Patients don’t experience health care through workforce spreadsheets. We experience it through long waits, unanswered phones, closed panels and months between appointments.

You can call it a physician shortage, a workforce crisis or a system failure. But the reality is simple: In New Mexico, it is extraordinarily hard to get in to see a primary care clinician or a specialist, and for many people it has been that way for years.

That reality matters more than debates about how many doctors hold New Mexico licenses.

Licensure counts are a poor proxy for access. Many physicians maintain multiple state licenses. Some are retired. Some work in administration, industry, research or telehealth outside New Mexico. Some no longer see patients at all.

Prior workforce analyses in New Mexico have suggested that only about one-third of licensed primary care providers are actually engaged in regular, direct clinical care. If that is even approximately true, then raw license totals will dramatically overstate the care capacity in our state.

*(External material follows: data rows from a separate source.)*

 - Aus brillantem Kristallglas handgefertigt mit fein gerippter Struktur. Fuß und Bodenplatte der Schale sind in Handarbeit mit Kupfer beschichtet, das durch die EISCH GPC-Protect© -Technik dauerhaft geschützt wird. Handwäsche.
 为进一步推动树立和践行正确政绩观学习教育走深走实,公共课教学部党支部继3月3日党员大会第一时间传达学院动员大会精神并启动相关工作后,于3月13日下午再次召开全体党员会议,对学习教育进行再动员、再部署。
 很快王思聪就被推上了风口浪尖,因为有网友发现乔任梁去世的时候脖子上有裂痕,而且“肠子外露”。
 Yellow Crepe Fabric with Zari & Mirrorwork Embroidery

A more honest starting point is not “How many doctors do we license?” but:

How long does it take to get a new patient primary care appointment?

How long does it take to see a cardiologist, neurologist, psychiatrist or endocrinologist?

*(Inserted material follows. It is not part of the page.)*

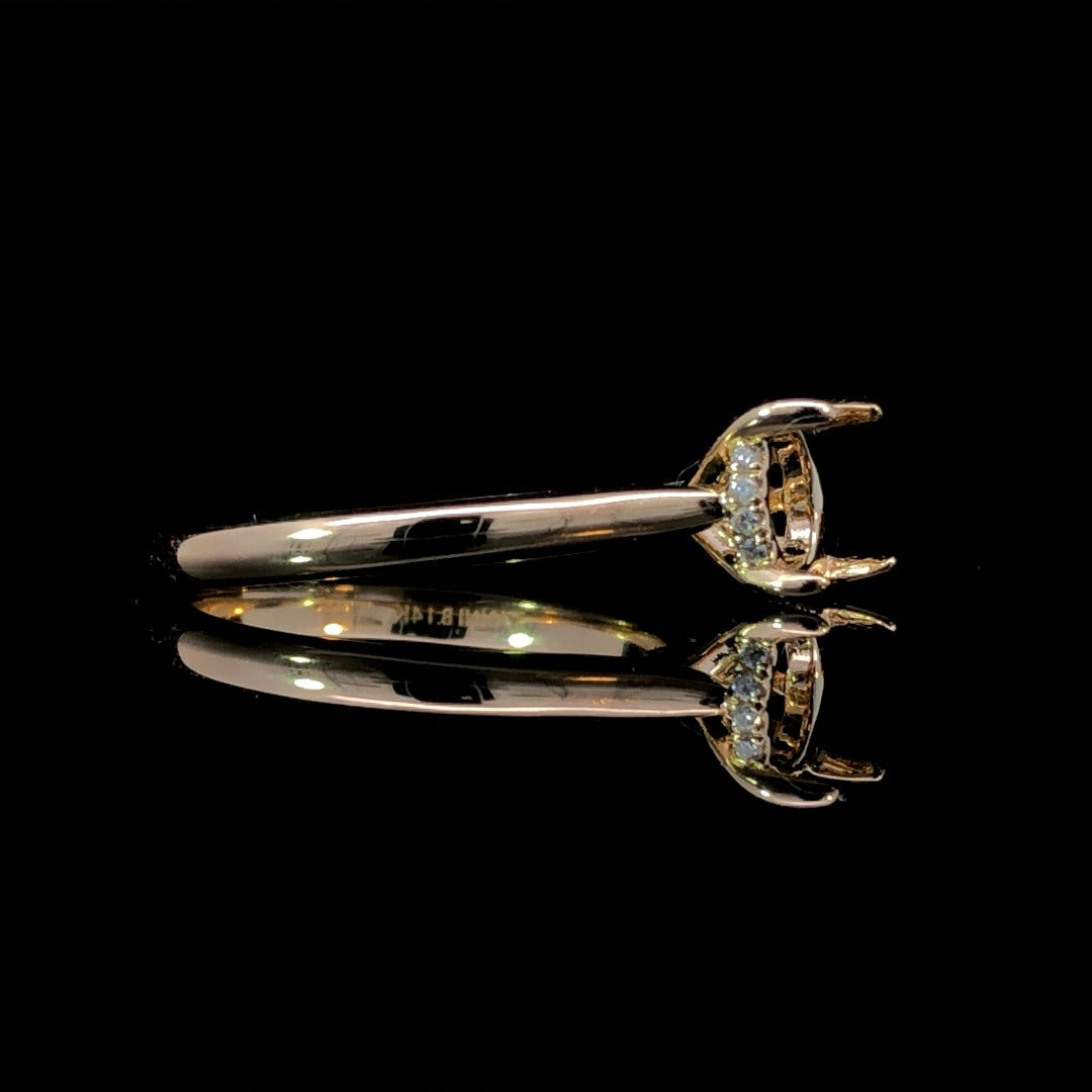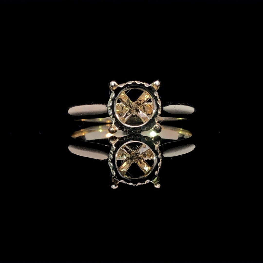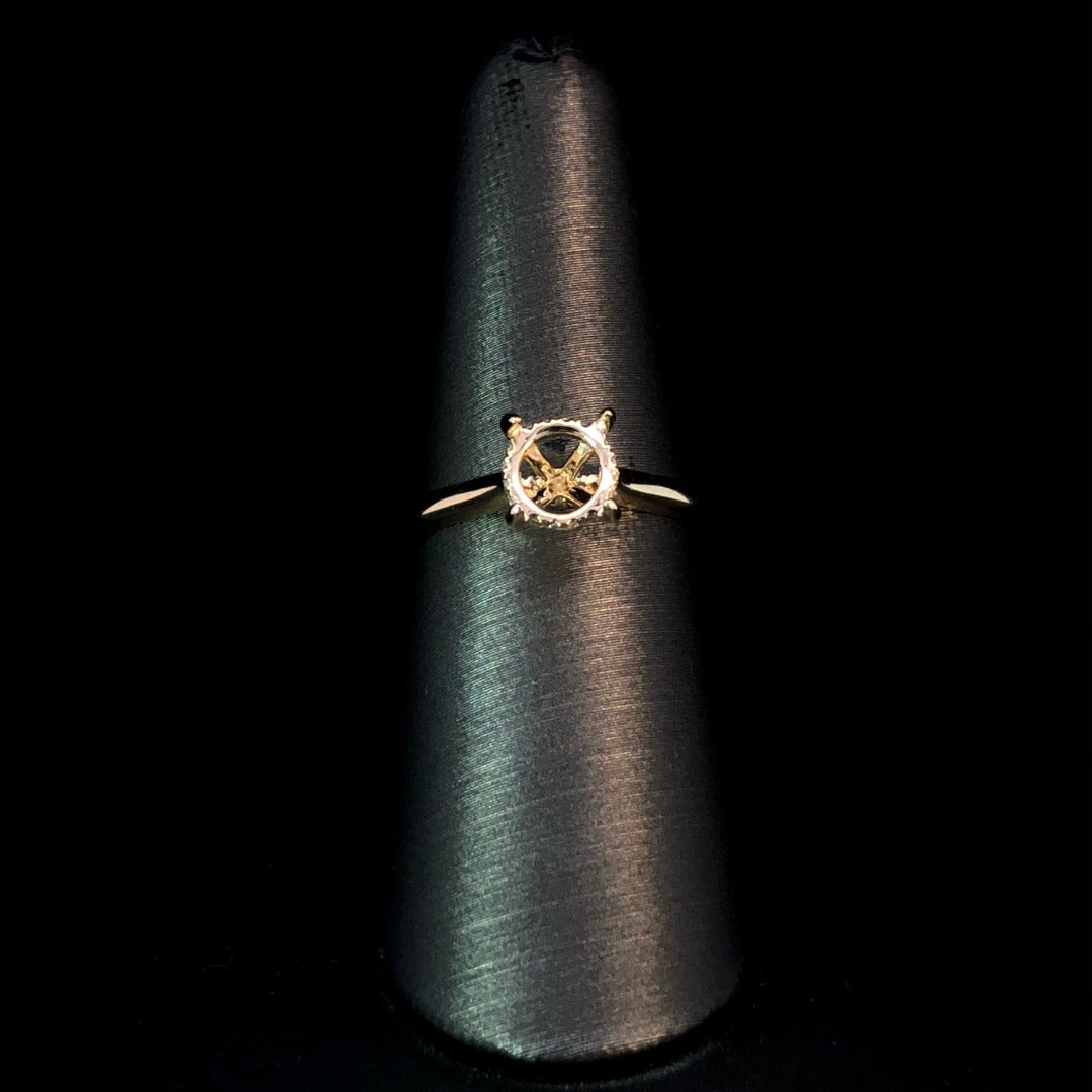 Create your perfect ring with this chic semi mount, featuring a hidden halo and extra diamond accents totaling .14ctw. Crafted in 14kt yellow gold, simply add your choice of round center stone from our selection of loose stones to complete this stunning piece. Price is for the semi mount only. Center stone will be added at an additional cost. This ring is a size 7. If that size is not a perfect fit, first time sizing is free at the time of purchase. Additional sizing fees may apply.

Which clinics are closed to new patients?

How far are rural patients traveling?

How many people give up and go to the emergency department because they can’t get outpatient care?

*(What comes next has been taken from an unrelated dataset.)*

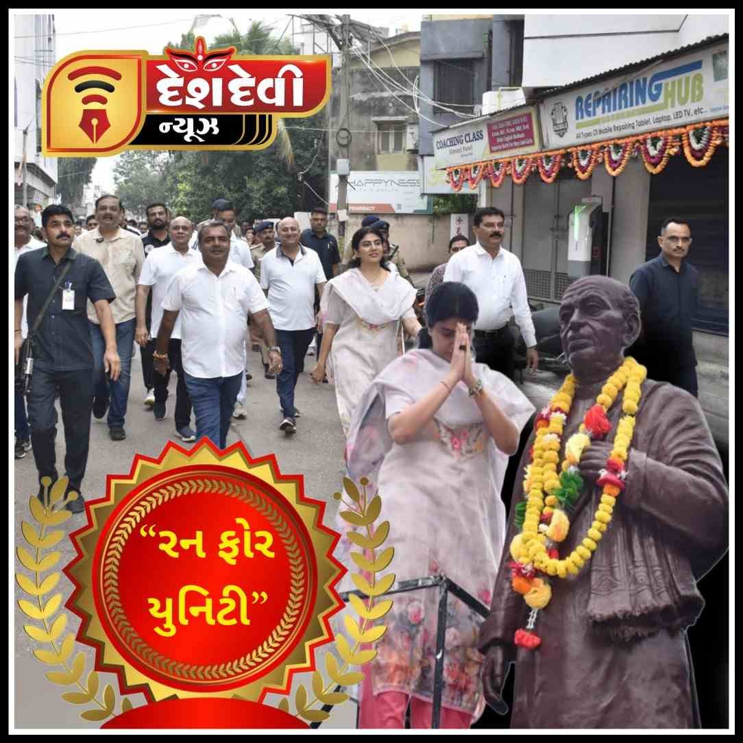 દેશ દેવી ન્યુઝ જામનગર તા.૩૧ ઓક્ટોબર ૨૫, દેશમાં દર વર્ષે તા.૩૧ ઓક્ટોબરના રોજ સરદાર વલ્લભભાઈ પટેલની જન્મજયંતિ નિમિત્તે રાષ્ટ્રીય એકતા દિવસની ઉજવણી કરવામાં આવે છે. જેના ભાગરૂપે આજ રોજ જામનગર મહાનગરપાલિકા તથા જિલ્લા વહીવટી તંત્રના સંયુક્ત ઉપક્રમે શહેરના રણમલ તળાવ ખાતે રન ફોર યુનિટી કાર્યક્રમનું આયોજન કરવામાં આવ્યું હતું.જેમાં રાજ્યકક્ષાના મંત્રી શ્રીમતી રીવાબા જાડેજા, મેયરશ્રી વિનોદભાઈ ખીમસુરીયા, ધારાસભ્યશ્રી દિવ્યેશભાઈ અકબરી, જિલ્લા કલેક્ટર કેતન ઠક્કર, મ્યુનિસિપલ કમિશ્નર ડી.એન.મોદી, જિલ્લા પોલીસ વડા ડો. રવિમોહન સૈની, અગ્રણી શ્રીમતી બીનાબેન કોઠારી, ડેપ્યુટી મેયર ક્રિષ્નાબેન સોઢા, સ્ટેન્ડિંગ કમિટીના ચેરમેન નિલેશભાઈ કગથરા, સાશક પક્ષના નેતા આશિષ જોશી, દંડક કેતન નાખવા સહિતના મહાનુભાવોએ ફ્લેગ ઓફ કરી રેલીનું પ્રસ્થાન કરાવ્યું હતું.રેલીમાં વિદ્યાર્થીઓ દ્વારા સ્વચ્છતા પ્રત્યે લોકોમાં જાગૃતતા આવે તે હેતુથી વિવિધ પ્રકારના પોસ્ટર અને બેનરો રાખવામાં આવ્યા હતા. તેમજ કાર્યક્રમને અનુરૂપ દેશભક્તિ ગીતો અને રાસ મંડળીઓ દ્વારા રાસ કરવામાં આવ્યા હતા.આ દોડ રણમલ તળાવ ગેઇટ નં.1 ના પાર્કિંગથી શ્યામજી કૃષ્ણવર્મા સ્ટેચ્યુથી મયુર મેડિકલ થઈ રણજીતનગર પટેલ સમાજ ખાતે પૂર્ણ થઈ હતી. જ્યાં મહાનુભાવો અને પદાધિકારીશ્રીઓ દ્વારા સરદાર વલ્લભભાઈ પટેલની પ્રતિમાને ફુલહાર કરવામાં આવ્યા હતા. બાદમાં સ્વચ્છતા હી સેવા કાર્યક્રમના ભાગરૂપે મહાનુભાવો અને પદાધિકારીશ્રીઓ તથા અધિકારીશ્રીઓ સફાઈ અભિયાનમાં સહભાગી થયા હતા.આ રેલીમાં નિવાસી અધિક કલેક્ટર બી.એન.ખેર, જિલ્લા ગ્રામ વિકાસ એજન્સીના નિયામક શારદા કાથડ, નાયબ મ્યુનિસિપલ કમિશનર દેવેન્દ્રસિંહ ઝાલા,, જામનગર ગ્રામ્ય પ્રાંત અધિકારી બ્રિજેશ કાલરિયા, જિલ્લા રમત ગમત અધિકારીશ્રી બી.જે.રાવલીયા, જામનગર જિલ્લા વહીવટી તંત્ર તથા જામનગર મ્યુનિસિપલ કોર્પોરેશનના અધિકારીઓ, એનસીસી, હોમગાર્ડ્સ યુનિટ, વિદ્યાર્થીઓ સહિત વિશાળ સંખ્યામાં નગરજનો ઉત્સાહભેર સહભાગી થયા હતા.

These are the measures patients and health care systems live with every day.

New Mexico is also a wonderful place to retire. By 2030, New Mexico is projected to have the fourth-highest proportion of seniors in the nation, trailing Florida by less than one percentage point. An older population appropriately uses more health care. That reality alone means our workforce must grow faster than population just to keep up — yet access continues to deteriorate.

We should absolutely improve workforce data. We should track who is actively practicing, how many hours of patient care they deliver, and where. But we should not allow imperfect data to distract from what New Mexicans already know: The system is not meeting basic access needs.

The policy conversation should begin with this question: Why is it so hard to get timely care in New Mexico?

From there, we can examine recruitment, retention, malpractice environment, reimbursement, team-based staffing, telehealth compacts, training pipelines, rural sustainability and practice conditions. All of those matter. None of them alone will fix the problem.

But arguing over license counts while patients wait months for care misses the point.

If people can’t see a doctor when they are sick, pregnant or scared, then we have a workforce crisis — regardless of what any spreadsheet says.

Rohini McKee is the chief quality and safety officer and professor at University of New Mexico Hospital. She is also a member of the Albuquerque Journal Community Council.